Navigating AI safety fellowships as an early researcher is confusing because there are many programs, and it's not obvious which to prioritize or in what order. This post gives a rough progression path.
For this post, we assume the goal is to get a full-time job as a technical AI safety researcher. Fellowships and programs help achieve this goal in three ways: 1) upskilling, 2) gaining career capital, and 3) networking in AI safety community.
Let me lay some background on skills, career capital, and networking, and after that, my thoughts on how to navigate fellowships and other programs.
Background
Skills
We can roughly divide technical AI safety research into two categories – empirical and theoretical. Empirical research is mostly about hands-on experiments with transformers, and theoretical research is essentially mathematical research. The majority (I would estimate >80%) of full-time AI safety researchers do empirical research, and the majority of teams on fellowships do empirical research, so I will concentrate on that.

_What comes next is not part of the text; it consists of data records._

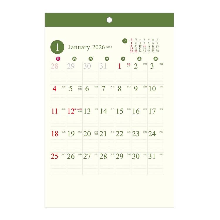 2026年1月始まりカレンダー 壁掛け A4 タンザック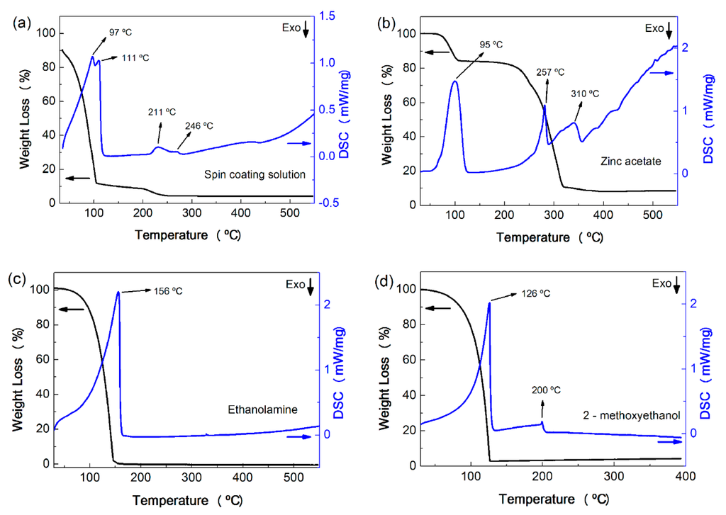 TG/DSC curves of the: (a) solution used in the formation of ZnO seed layer; (b) zinc acetate; (c) ethanolamine; and (d) 2-methoxyethanol.
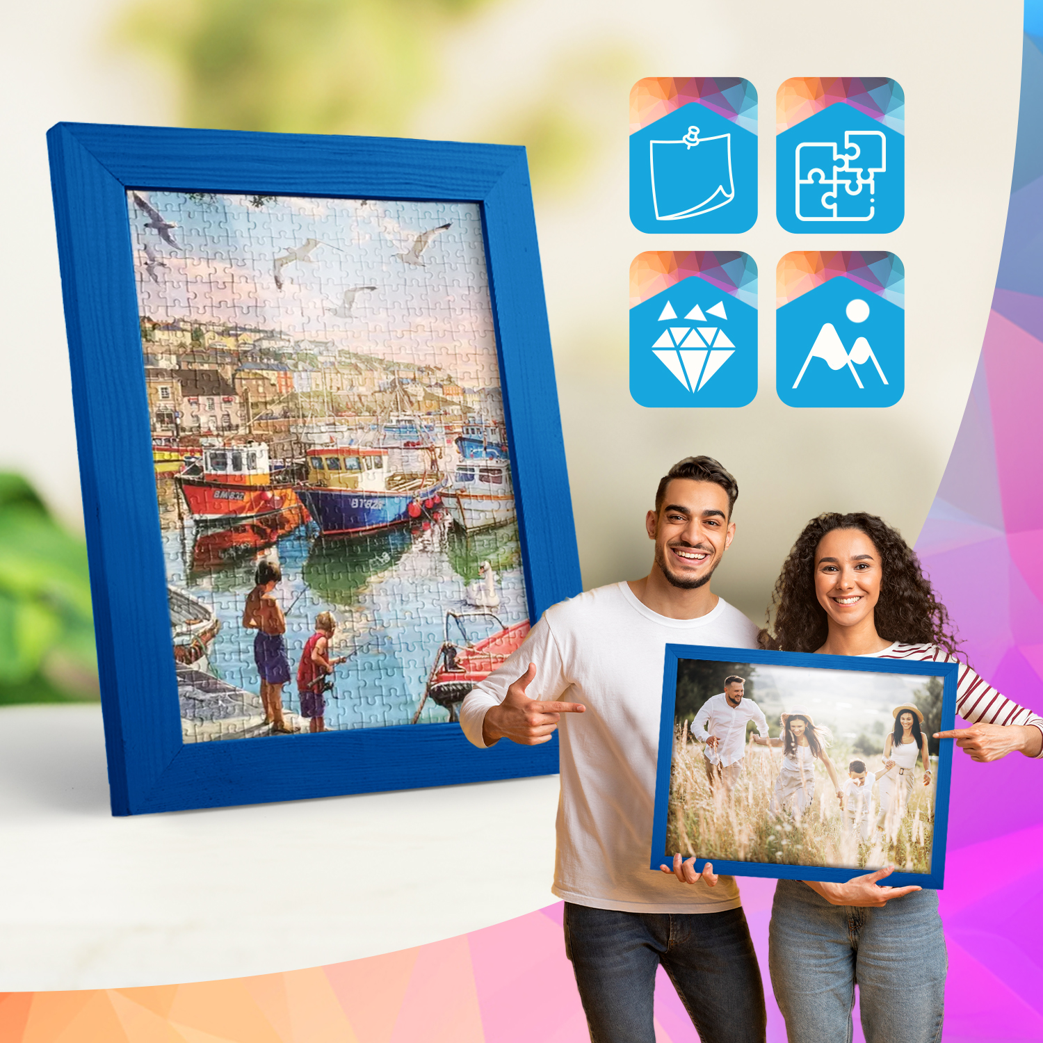 Zestaw drewnianych ramek to estetyczne i uniwersalne rozwiązanie do oprawy zdjęć, plakatów, grafik oraz wydruków dekoracyjnych. Klasyczny, profil ramek nadaje całej kompozycji elegancki wygląd i podkreśla prezentowane motywy, zachowując spójny i uporządkowany charakter aranżacji.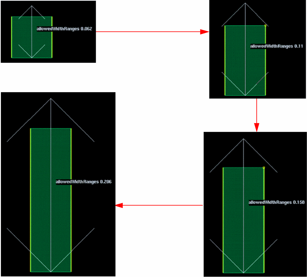 The following figures illustrate this example in DRD Notify mode. As the rectangle is stretched vertically, DRD displays arrows to indicate the incremental legal width values.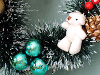 Сверху образовался вот такой зимний букетик, снизу на золотой шишке сидит малышка-медвежонок, на шариках блестит радужный глиттер.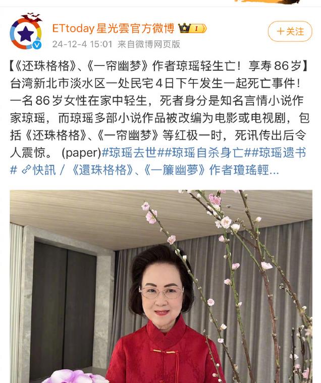 信息来源:看看新闻——琼瑶遗体预计周五火化 下周一按其遗愿花葬,2024年12月5日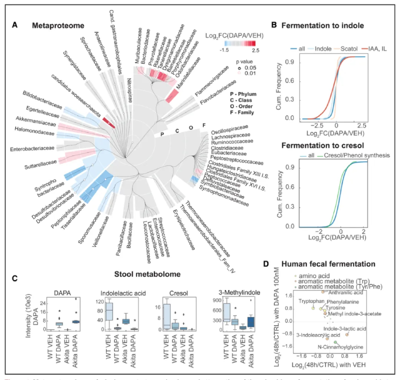 使用苯丙氨酸等芳香族氨基酸作為底物可以減少甲酚和苯酚的生成劑(圖4B)。糞便代謝組檢測表明顯示糞便中存在達格列凈(圖4C)。在達格列凈治療小鼠的這些糞便樣本中,色氨酸和苯丙氨酸發(fā)酵的代謝物有所減少(圖4C)。為了探究達格列凈在糞便中的直接作用,將SGLT2i添加到人糞便中。厭氧發(fā)酵后,發(fā)現(xiàn)吲哚乳酸、色氨酸代謝物和肉桂酰甘氨酸減少(圖4D);也就是說,與WT小鼠血漿中SGLT2i 減少的化合物相關的化合物(圖3F)。在人體糞便發(fā)酵中添加SGLT2i也逆轉(zhuǎn)了這些毒素母體分子的消失,特別是芳香族氨基酸色氨酸、酪氨酸和苯丙氨酸(圖4D)。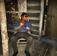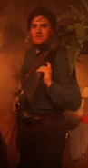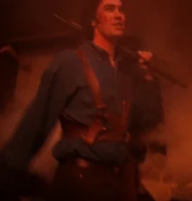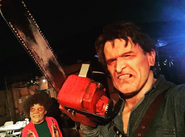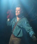 Ash Williams is the main protagonist of The Evil Dead (Franchise) and the Ash vs. Evil Dead T.V. Show. He appeared as a scareactor in the Silver Screams haunted house during Halloween Horror Nights: Ripped from the Silver Screen. He would later appear in the Ash Vs. Evil Dead (Orlando) haunted house during Halloween Horror Nights 27 and Ash Vs. Evil Dead (Hollywood) during Halloween Horror Nights 2017 (Hollywood).

Empirical research. A non-senior empirical researcher needs two main sets of skills:
General research – ability to understand research papers, generate interesting questions, design experiments to answer these questions, interpret the results, notice contradictions and missing parts.
Engineering – ability to write code that works, conduct experiments, set infrastructure for these experiments.
You can see fellowships through the lens of upskilling via these two axes. There are two corresponding archetypes of people who participate in fellowships:
Researchers from other science areas. They have several years of experience researching physics/math/cognitive science or other sciences, but have little coding experience. They focus on improving their engineering ability with transformers.
Engineers without research experience. They have several years of software development experience. They either already worked with transformers or quickly learn transformer-related engineering. They focus on improving research skills.
Note that if you already have both engineering skill and general research skill – for instance, you are a machine learning researcher with several publications – then you probably should apply only for the top fellowships (like MATS) or straight to the full-time researcher jobs.
Career capital
Fellowships and other programs generate career capital in two ways – output and resume lines, with the first one having much more weight.
Output. The usual output is a write-up, but it can also be a benchmark or a dataset. For write-ups, here is the approximate order of importance:
LessWrong post or arXiv preprint
Accepted publication to ML conference
Accepted publication to top ML conference (like ICML, ICLR, NeurIPS)
Many conferences accept two types of papers – for workshops and for the main venue. Workshop papers have a lower bar for results and are easier to get accepted than papers for the main venue, so workshop papers generate less career capital than main venue papers. Order of authors also matters – being the first author generates more career capital.
Resume line. Having AI safety-related lines in your resume helps you get other AI safety positions.
Note that you need career capital not only to land a full-time job, but to progress through different fellowships and programs, from less selective to more selective ones.
Networking
In online fellowships, you will mostly communicate with your mentor and team members. In offline fellowships, you have a chance to talk to all other mentors, mentees, and potentially other AI safety researchers who co-work in the same place where your fellowship is.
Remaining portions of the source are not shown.